=== INFORMATION SUPPLIED ===
BEGIN

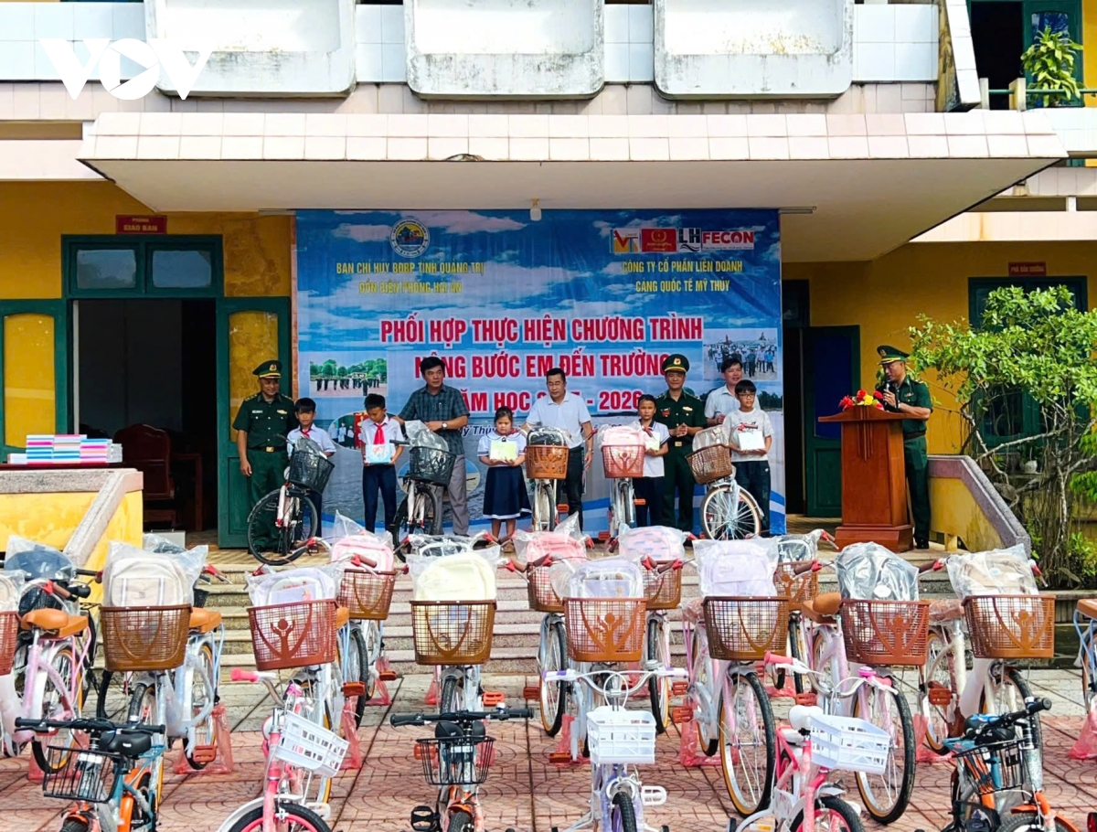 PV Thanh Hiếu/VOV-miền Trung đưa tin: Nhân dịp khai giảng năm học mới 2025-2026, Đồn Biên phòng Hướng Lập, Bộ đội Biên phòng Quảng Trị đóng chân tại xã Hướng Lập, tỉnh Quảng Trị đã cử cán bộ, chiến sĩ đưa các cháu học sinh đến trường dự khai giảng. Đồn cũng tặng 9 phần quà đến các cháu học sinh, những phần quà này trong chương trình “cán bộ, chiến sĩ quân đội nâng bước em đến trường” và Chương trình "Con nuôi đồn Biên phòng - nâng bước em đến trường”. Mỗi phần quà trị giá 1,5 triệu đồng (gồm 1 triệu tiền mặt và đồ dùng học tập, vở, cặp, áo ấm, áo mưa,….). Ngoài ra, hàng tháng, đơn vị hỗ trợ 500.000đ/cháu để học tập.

END
BEGIN

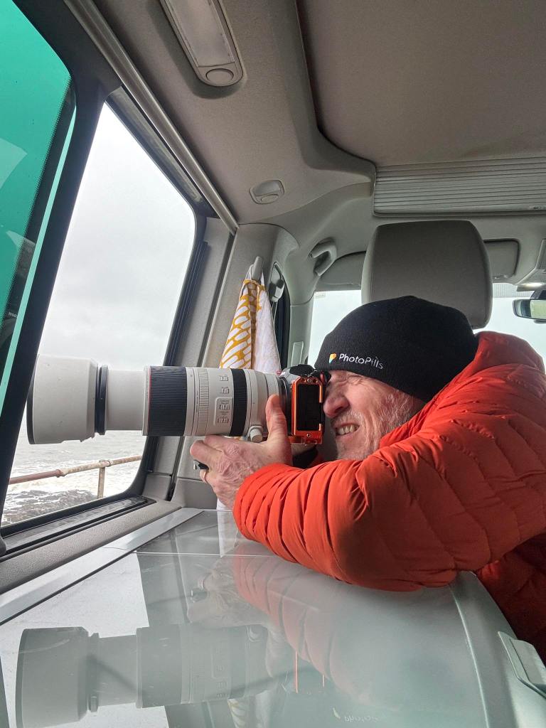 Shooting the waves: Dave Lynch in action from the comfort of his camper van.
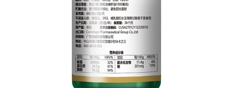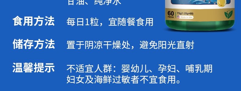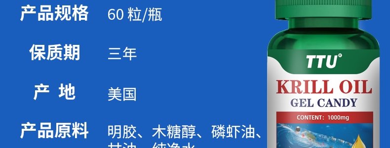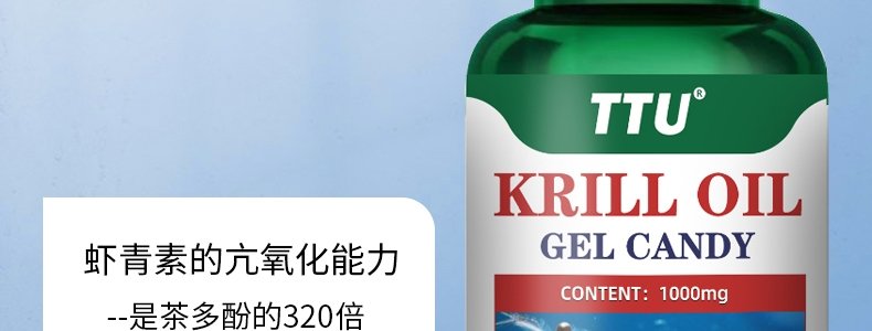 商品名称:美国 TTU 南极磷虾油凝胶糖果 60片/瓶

END

=== WORK ITEM ===
Reproduce the entries exactly, from the line with "Shooting the waves: Dave" to the line with "商品名称:美国 TTU 南极磷虾油凝胶糖果 60片/瓶", both lines included, keeping no pictures.

=== TASK SOLUTION ===
 Shooting the waves: Dave Lynch in action from the comfort of his camper van.
 商品名称:美国 TTU 南极磷虾油凝胶糖果 60片/瓶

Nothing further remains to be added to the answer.